Lynne Shields has provided some excellent sources for both psychogenic and neurogenic stuttering. It is certainly possible that you are suffering from the former (but unlikely the latter). However, in my opinion, it is also likely that you stutter in the more traditional sense, that is without any clear pyschogenic or neurogenic cause.

Obviously, the onset of your stuttering is atypical. Most stuttering begins in childhood, but I have seen numerous cases in which stuttering did not begin--or occur with sufficient frequency to be noticed particularly--until adulthood. In these cases, even those that seemed to be coincident with periods of significantly elevated stress or pressure in life, the problems and treatment has been very similar to the more typical stuttering with childhood origins.

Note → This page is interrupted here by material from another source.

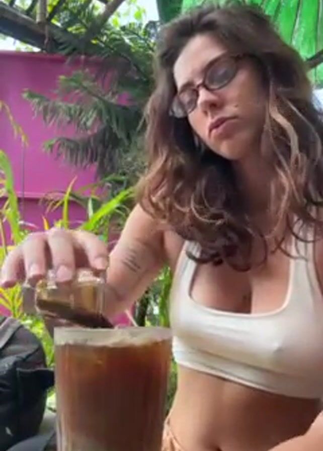A woman with shoulder-length curly brown hair and wearing oval-shaped eyeglasses is seated outdoors. She's wearing a white sports bra and tan shorts. She pours liquid from a small glass into a tall glass filled with ice, coffee, and milk and containing a green straw. The background includes greenery, a pink wall, a thatched roof, and white cloth hanging from the roof. A black bag sits to her left.
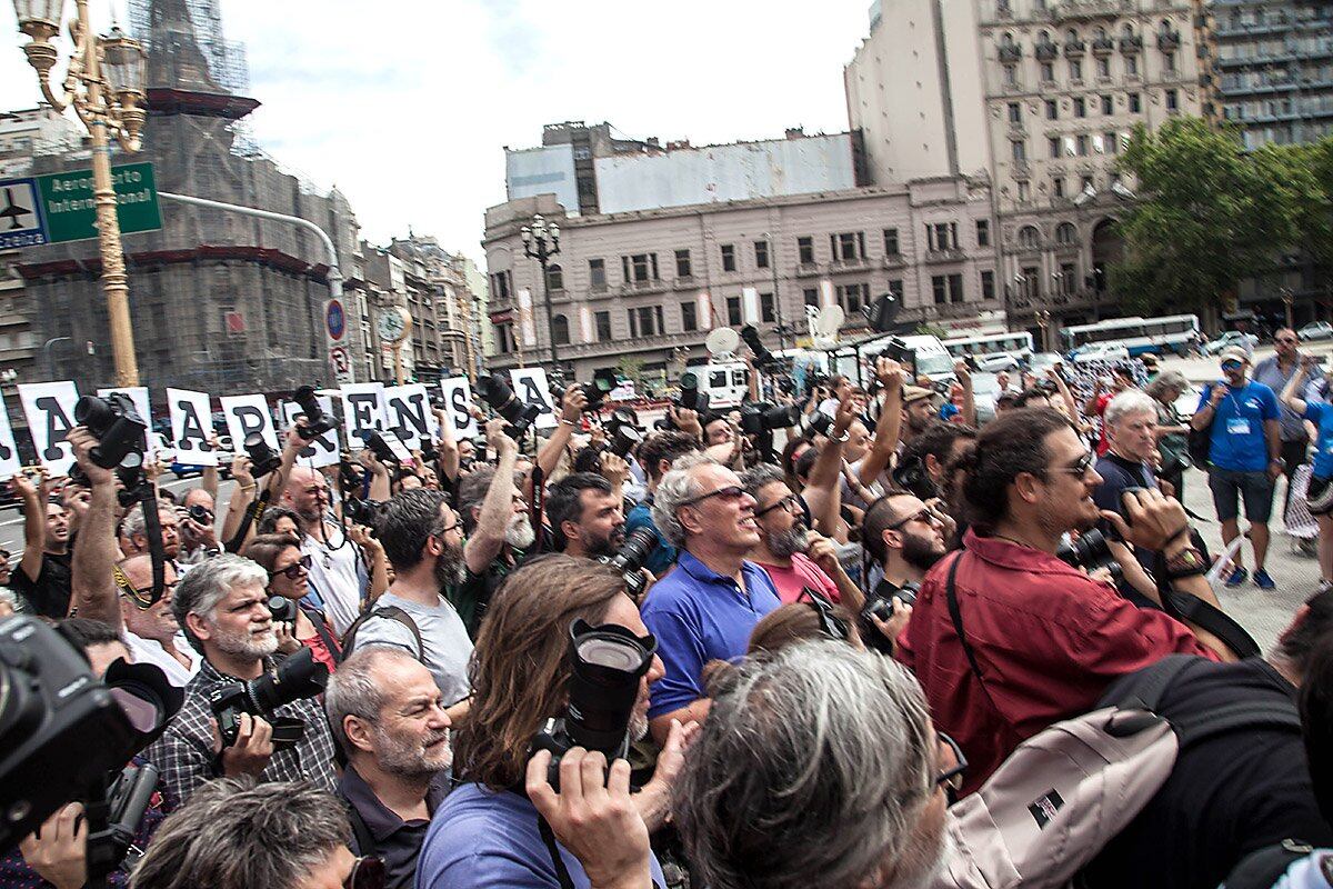 Los trabajadores de prensa estuvieron entre las principales víctimas de la represión a las manifestaciones contra la reforma previsional. En señal de protesta, los sindicatos realizaron un "camarazo" frente al Congreso.

What you say of your temporary success with some therapies leads me to suspect that you are approaching therapy (understandably of course) from the perspective of finding something to return you to your previous fluent self. This sort of mind set often results in using the various techniques learned "TO TRY NOT TO STUTTER" rather than "TO TRY TO TALK IN A NEW WAY." Often, this makes all the difference. If you could get hold of "Advice to Those Who Stutter" from the Stuttering Foundation of America, you will see numerous authors recommend facing, advertising, and otherwise not avoiding the stuttering. This often results in a new mind set in which previous approaches that provided only temporary benefit become useful tools to assist you in speaking in a more controlled manner IN SPITE OF THE STUTTERING THAT MAY STILL OCCUR.

I would suggest you try these approaches first, if possible with a competent speech-language pathologist who specializes in stuttering. From the little you wrote, I would suspect this might well be successful. However, if this approach is not successful, perhaps you should follow Lynne's line of reasoning and obtain an evaluation from a clinical psychologist or psychiatrist. I would say that a neurological examination would probably be your least beneficial course, unless you have exhausted all other possibilities.

Another perspective. I hope it helps.